Ohio Rev.Code § 4505.13

Since Commercial had "actual and continued possession of" the manufacturer's certificates of origin, its interest in the automobiles was valid against Simonis's creditors, subsequent purchasers, secured parties, and other lienholders. However, since it authorized Simonis to sell the automobiles, its interest was not valid against a subsequent purchaser. In Mutual Finance Co. v. Kozoil, 111 Ohio App. 501, 165 N.E.2d 444 (1960), aff'd, 172 Ohio 265, 175 N.E.2d 88 (1961), the court held that where the floor plan financer knew of past sales out of trust by the dealer, it was required to deliver a certificate of title to an innocent purchaser of an automobile from the dealer. In so holding the court stated:

It seems incredible that judicial interpretation of the motor vehicle title law should find within its provisions a legislative purpose to defeat the right of an innocent purchaser for value, when the holder of the mortgage and the manufacturer's statement or certificate of origin expressly consents to exposing the automobile covered by the mortgage for sale, and actually consents to the sale, making the dealer its representative or trustee for collecting and accounting to it for the proceeds of the sale when both dealer and mortgagee are attempting to accomplish a common purpose.

"The conditions of the sale to Kozoil authorized by the mortgagee have been fully performed by the buyer; this plaintiff, having taken part in the common purpose to effect such sale, should be directed to present to this defendant a certificate of title as provided by law."

Id. at 268, 175 N.E.2d at 90, quoting, 111 Ohio App. at 501, 165 N.E.2d at 450. Similarly, in Levin v. Nielsen, 37 Ohio App.2d 29, 306 N.E.2d 173 (1973), the court held that where the secured party knew of past sales out of trust, it was required to deliver the means of obtaining title to an innocent purchaser.

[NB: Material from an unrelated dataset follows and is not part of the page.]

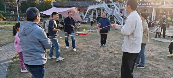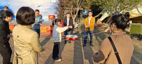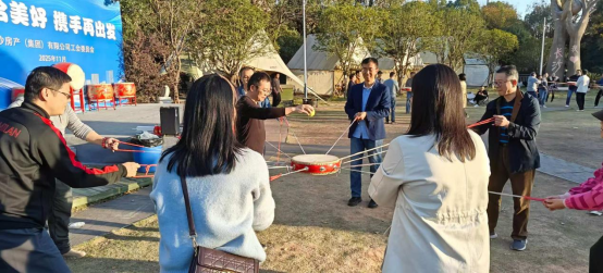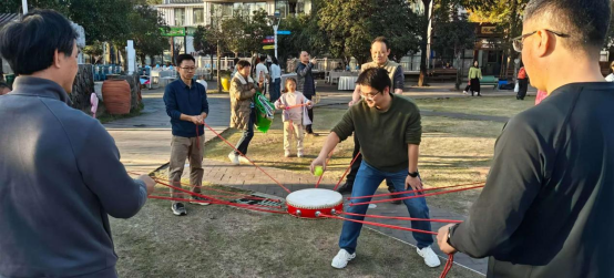 游园完毕,工会还组织大家集中开展了“鼓动人心”团建游戏。秋日暖阳轻抚着草坪,洒下温暖的光斑。大家分组围成一圈,紧握着系在鼓边的彩绳,屏息凝神。“三、二、一!”鼓面轻扬,网球应声跃起,在秋风中划出欢快的弧线。每一次默契的起伏,都伴着兴奋的欢呼与笑语。有人数着颠起的次数,有人调整着绳子的力道,失误时相视一笑,成功时击掌庆贺。在秋日澄澈的蓝天下,那面跃动的鼓与飞舞的球,仿佛将整个团队的节奏与心跳,都融进了这片金色的宁静里。

[ 265 Pa. Super. Page 522]

Here there is no evidence that Commercial had ever found Simonis out of trust in the past, or even that Simonis had engaged in sales out of trust, but this does not defeat Reedman's position. In Carnegie Financial Corp. v. Akron Nat. Bk. & Trust Co., 49 Ohio App.2d 321, 361 N.E.2d 504 (1976), where there was no evidence of past sales out of trust, the court nevertheless held that since the secured party knew that the dealer was exposing automobiles for sale, its lien was ineffective against innocent purchasers.*fn3

Read together, Mutual Finance, Levin, and Carnegie demonstrate that under Ohio law, where the secured party authorizes the sale of the secured inventory, its security interest will not defeat the interest of a subsequent innocent purchaser, regardless of the secured party's lack of knowledge of past sales out of trust. The considerations underlying this principle have been stated as follows:

The Certificate of Title Act was adopted to protect innocent purchasers, and to allow the public to rely on duly issued evidence of title. It was not meant to, and does not prevent a court of equity from ordering that title be transferred if the holder has bound himself to do so, directly or through an agent. Cf. the facts and limitation in Kelley Kar Co. v. Finkler (1951), 155 Ohio St. 541, 99 N.E.2d 665; Commercial Credit Corp. v. Pottmeyer (1964), 176 Ohio St. 1, 197 N.E.2d 343, as overruled in part, Hardware Mut'l Casualty Co. v. Gall (1968), 15 Ohio St.2d 261, 240 N.E.2d 502.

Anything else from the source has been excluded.